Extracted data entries
+-------+
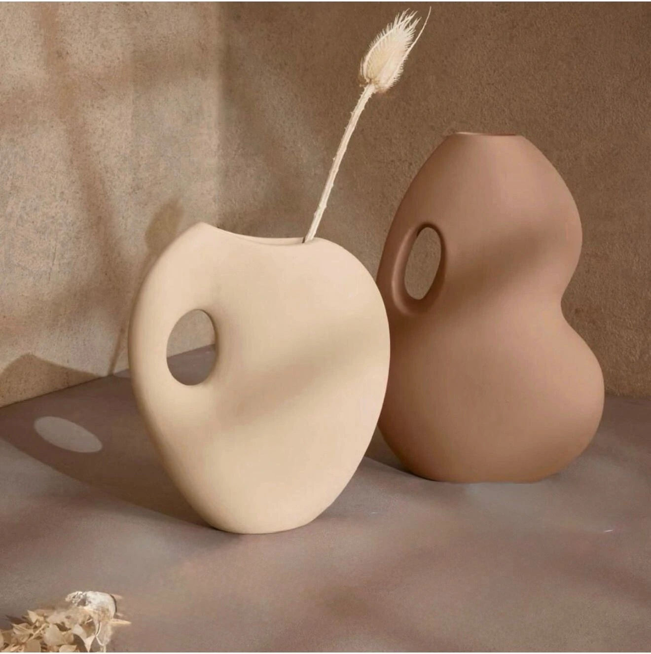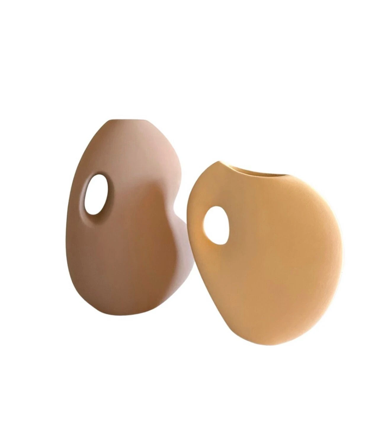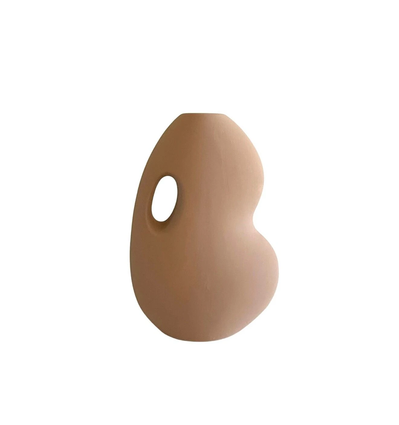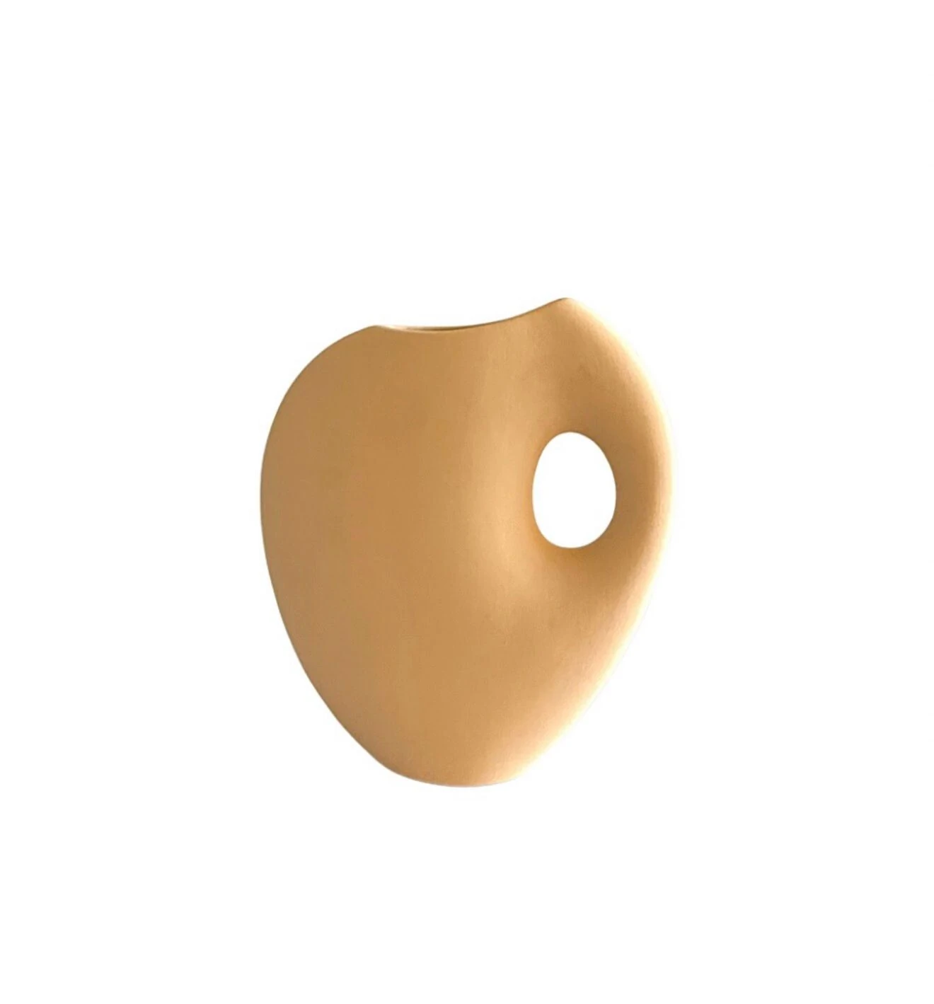 Vaso decorativo em cerâmica no estilo contemporâneo, com formato orgânico e detalhe vazado que remete a uma alça, ideal para encaixar a mão. Uma peça moderna e versátil, que adiciona personalidade e sofisticação à decoração. Disponível em dois modelos, ambos com design clean e acabamento elegante.
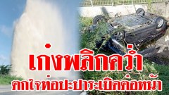 เก๋งตกใจ! รถพลิกคว่ำ ท่อปะปาระเบิดต่อหน้า บนถนนมอเตอร์เวย์
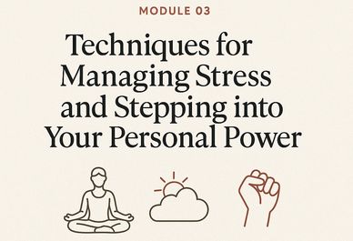 Module 03 is designed to equip clients with practical strategies to take control of their stress and fully step into their personal power. This module blends wellness, mindfulness, and these practical strategies to create lasting mental, emotional, and physical resilience. Clients will learn how to reclaim their energy, protect their peace, and confidently navigate the demands of everyday life.
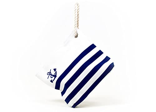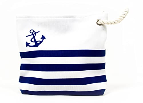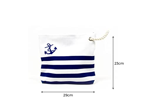 DESIGN MODERNO - Pratica Pochette Da Spiaggia Moderna Ed Elegante Fantasia Rigata A Righe Stripe Colore Bianco E Blu Con Piccola Ancora Nell'angolo Superiore. Pochette Spiaggia Comodamente Lavabile In Lavatrice A 30°;
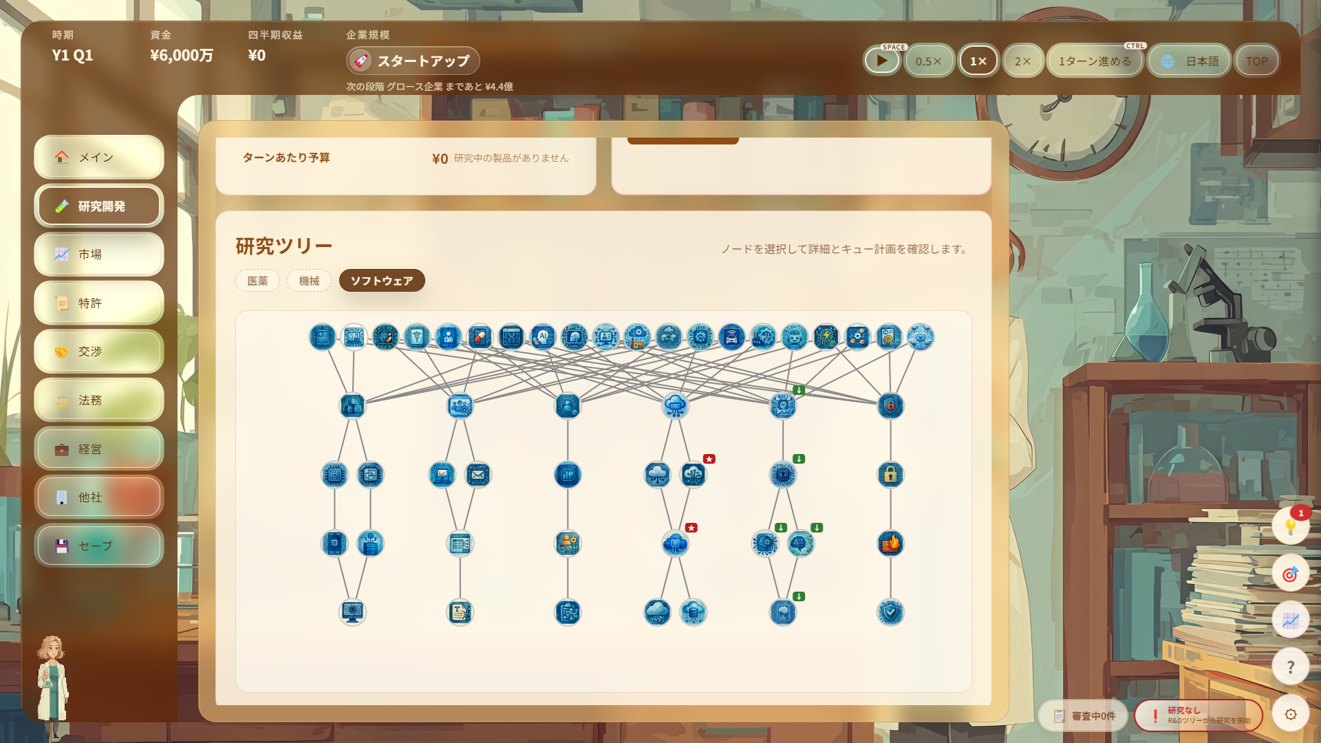 『Patent Tycoon』は、特許・研究開発・経営戦略を軸とした経営シミュレーションゲームです。
+-------+
The records above are to be restated exactly, with all pictures omitted.

* _RESPONSE TO THE EXERCISE_:
 Vaso decorativo em cerâmica no estilo contemporâneo, com formato orgânico e detalhe vazado que remete a uma alça, ideal para encaixar a mão. Uma peça moderna e versátil, que adiciona personalidade e sofisticação à decoração. Disponível em dois modelos, ambos com design clean e acabamento elegante.
 เก๋งตกใจ! รถพลิกคว่ำ ท่อปะปาระเบิดต่อหน้า บนถนนมอเตอร์เวย์
 Module 03 is designed to equip clients with practical strategies to take control of their stress and fully step into their personal power. This module blends wellness, mindfulness, and these practical strategies to create lasting mental, emotional, and physical resilience. Clients will learn how to reclaim their energy, protect their peace, and confidently navigate the demands of everyday life.
 DESIGN MODERNO - Pratica Pochette Da Spiaggia Moderna Ed Elegante Fantasia Rigata A Righe Stripe Colore Bianco E Blu Con Piccola Ancora Nell'angolo Superiore. Pochette Spiaggia Comodamente Lavabile In Lavatrice A 30°;
 『Patent Tycoon』は、特許・研究開発・経営戦略を軸とした経営シミュレーションゲームです。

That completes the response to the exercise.